§ **Dataset excerpt**:
--------------------
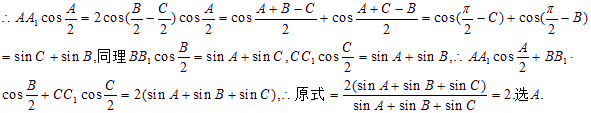 内接于单位圆,三个内角A、B、C的平分线延长后分别交此圆于、、。则的值为( )
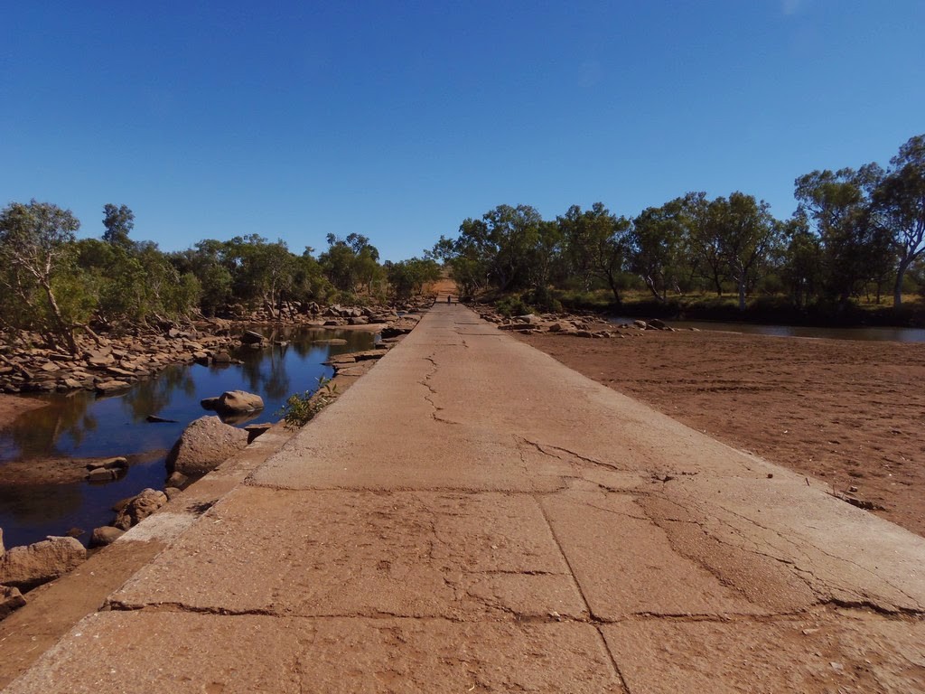 We drove in to have look 4 days ago and commented how bad the causeway surface was. No obvious sign of recent work. We liked the look of Ngumpan Cliff rest area with good facilities including dump point and resident dog.
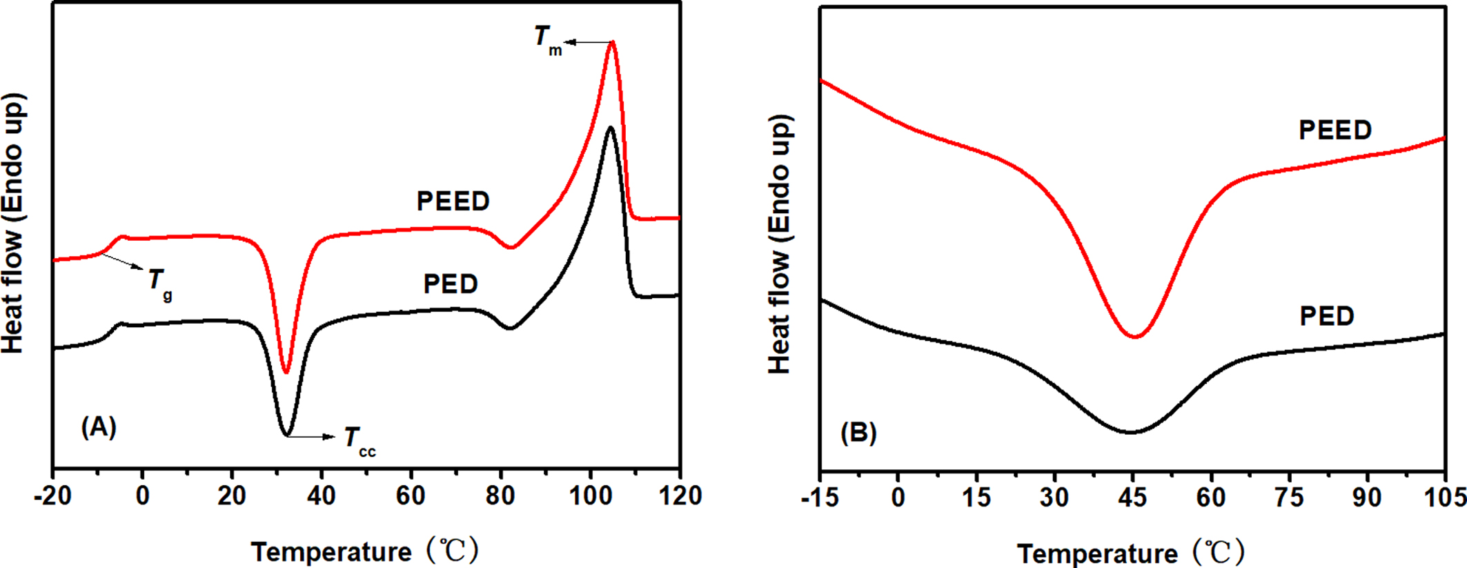 Figure 4 DSC heating scans (A); cooling scans (B) of PED and PEED samples at a scan rate of 10 °C/min |
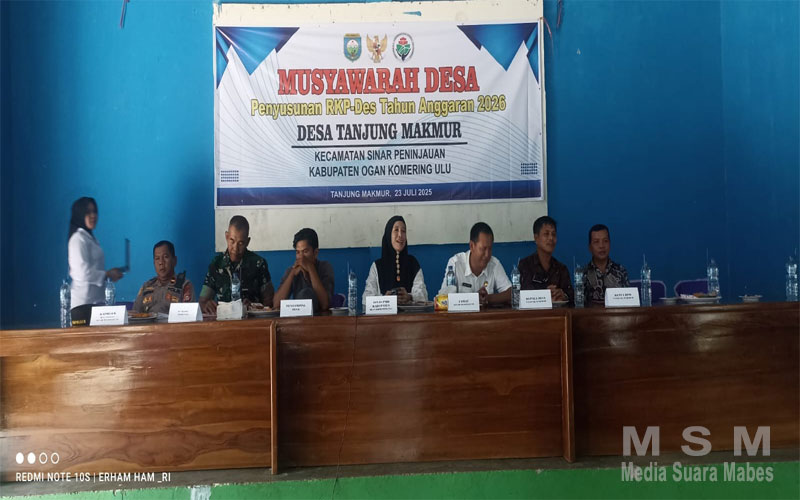 MediaSuaraMabes, Baturaja – Musyawarah Desa terkait Penyusunan Rencana Kerja Pemerintah Desa (RKPDes) Tahun Anggaran 2026 dan Daftar Usulan Rencana kerja Pemerintah Desa (DU-RKPDes) Tahun Anggaran 2026 Desa Tanjung makmur Kecamatan Sinar peninjauan OKU, Rabu 23/7/2025 di Aula Kantor Desa Tanjung makmur.
--------------------
The copy should run from the first line of the material above through the line with "Figure 4 DSC", repeated exactly and without pictures.

§ **Response to this task**:
 内接于单位圆,三个内角A、B、C的平分线延长后分别交此圆于、、。则的值为( )
 We drove in to have look 4 days ago and commented how bad the causeway surface was. No obvious sign of recent work. We liked the look of Ngumpan Cliff rest area with good facilities including dump point and resident dog.
 Figure 4 DSC heating scans (A); cooling scans (B) of PED and PEED samples at a scan rate of 10 °C/min |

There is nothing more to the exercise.